Wrong: for s in strings: result += s

右:result =''.join(strings)"

Right: result = ''.join(strings)"

我不确定为什么会这样.如果我想加入一些字符串,对我来说,将它们放在列表中然后调用''.join在直觉上对我来说不是更好.不会将它们放入列表中会产生一些开销吗?要澄清...

I'm not sure why this is true. If I have some strings I want to join them, for me it isn't intuitively better to me to put them in a list then call ''.join. Doesn't putting them into a list create some overhead? To Clarify...

Python命令行:

Python Command Line:

>>> str1 = 'Not'
>>> str2 = 'Cool'
>>> str3 = ''.join([str1, ' ', str2]) #The more efficient way **A**
>>> print str3
Not Cool
>>> str3 = str1 + ' ' + str2 #The bad way **B**
>>> print str3
Not Cool

A 是真正的线性时间,而 B 是二次时间吗?

Is A really linear time and B is quadratic time?

推荐答案

是.对于您选择的示例,重要性并不明确,因为您只有两个非常短的字符串,因此追加操作可能会更快.

Yes. For the examples you chose the importance isn't clear because you only have two very short strings so the append would probably be faster.

但是,每次在Python中对字符串进行 a + b 时,都会导致新分配,然后将a和b中的所有字节复制到新字符串中.如果在具有很多字符串的循环中执行此操作,则必须一次又一次地复制这些字节,一次又一次,并且每次必须复制的数量都会变长.这给出了二次行为.

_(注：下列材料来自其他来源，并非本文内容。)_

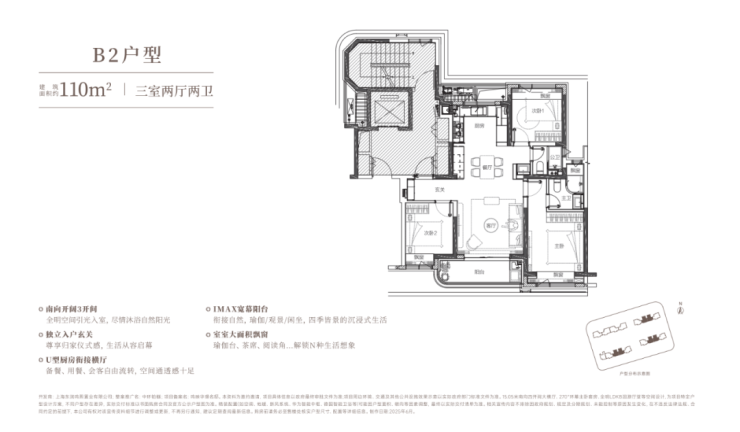 建面约110㎡边套(B1户型),1个宽面阳台、5个飘窗,整体南向面宽做到了约12.3米,大横厅面宽约5.4米,带来超大空间体验和充足通风采光。更为难得的是,该户型标配了全屋飘窗,主卧更是拥有270°转角飘窗,拓宽室内景观视野的同时,增加了实际空间使用率,加上三玻两腔系统窗隔音,在欣赏窗外景色的同时,也不会被噪音打扰。建面约110㎡中间套(B2户型),也同样做到了南北通透,三开间朝南,洄游动线,布局合理,无论是空间尺度还是通风采光,与边套享受一样的品质感!

But every time you do a + b with strings in Python it causes a new allocation and then copies all the bytes from a and b into the new string. If you do this in a loop with lots of strings these bytes have to be copied again, and again, and again and each time the amount that has to be copied gets longer. This gives the quadratic behaviour.

另一方面,创建字符串列表不会复制字符串的内容-只会复制引用.这非常快,并且可以线性运行.然后,join方法仅进行一次内存分配,并且仅将每个字符串复制到正确位置一次.这也只需要线性时间.

On the other hand, creating a list of strings doesn't copy the contents of the strings - it just copies the references. This is incredibly fast, and runs in linear time. The join method then makes just one memory allocation and copies each string into the correct position only once. This also takes only linear time.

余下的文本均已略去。